2012年09月 忘却エンドロール

素敵映画に出会えた時の感動をそのまま書き綴る、映画感想ブログ.

映画「ターミネーター4」観た

 | SF  Comment(6) 

ターミネーター4
原題:TERMINATOR SALVATION
製作:アメリカ’09
監督:マックG
ジャンル:SF/アクション/サスペンス

【あらすじ】2018年。“審判の日”を生き延びた人間たちは抵抗軍を組織し、スカイネット率いる機械軍との死闘に身を投じていた。その一員ジョン・コナーは、将来の父カイル・リースを保護するため捜索を続ける。だが、彼がスカイネットにさらわれたと、謎の男マーカス・ライトに聞かされ…。

思ったよりぜんぜん良かったです。
主人公が誰かわからないけど、群像劇戦争アクションもいいんじゃないだろうか。今まで話で聞くだけだった荒廃した未来の世界も観られたし、みんなが活躍してて良かったと思います。可愛らしいスターちゃんにもきちんと見せ場があるのが嬉しい!
確かに、執拗に追ってくる強敵がいないのは寂しいし、スカイネットのやり方は詰めが甘い気がするけど、そこらじゅうにいるロボットの脅威は、迫力のCGも相まってなかなかのもの。
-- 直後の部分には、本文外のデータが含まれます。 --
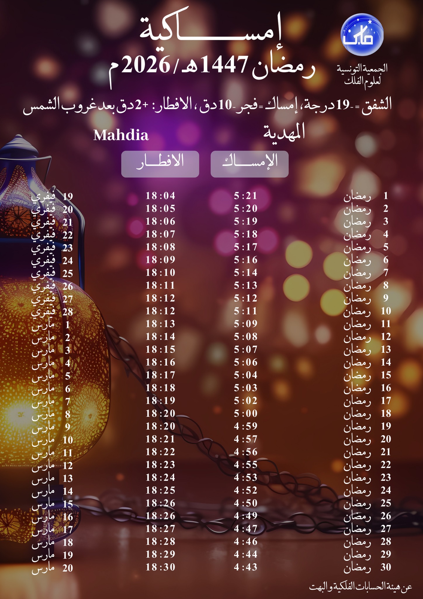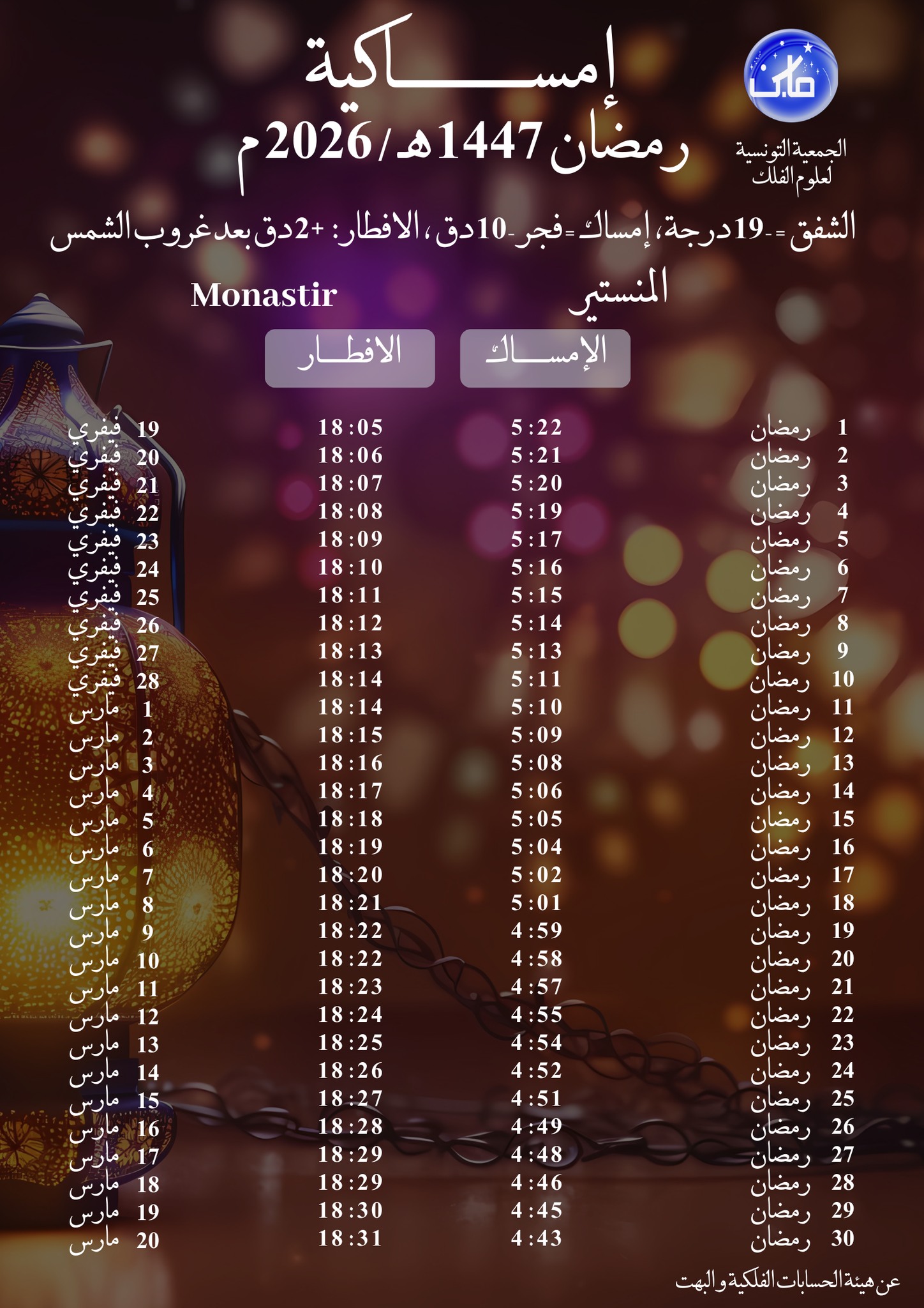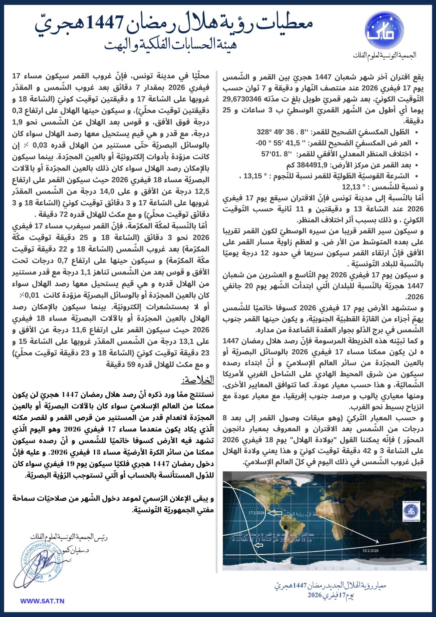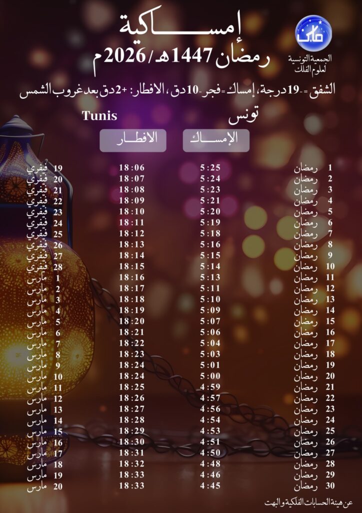 2026 فيما يلي الأحداث الفلكية، بتوقيت تونس، لشهر فيفري Voici les événements astronomiques du mois de février 2026 en heure tunisienne (GMT+1) : 01/02/2026 22h09 PLEINE LUNE 10/02/2026 16h52 Lune à l’apogée Distance géocentrique = …

CGシュワちゃんもリアルで驚きました。普段、古い映画ばかり観てるから、なおさらです。
個人的に、一番の胸キュンポイントは、バイクロボット捕獲シーン(バイク・アクションも良かったよね)。あんな古典的な罠にかかって、捕まって、改造されて、利用されちゃうなんて…あのくだりに妙にドキドキしてしまいました(わたしだけ?)
わたしにも一台捕まえて下さい!!
AIもった乗り物と、コンビを組むのが夢なんです(笑)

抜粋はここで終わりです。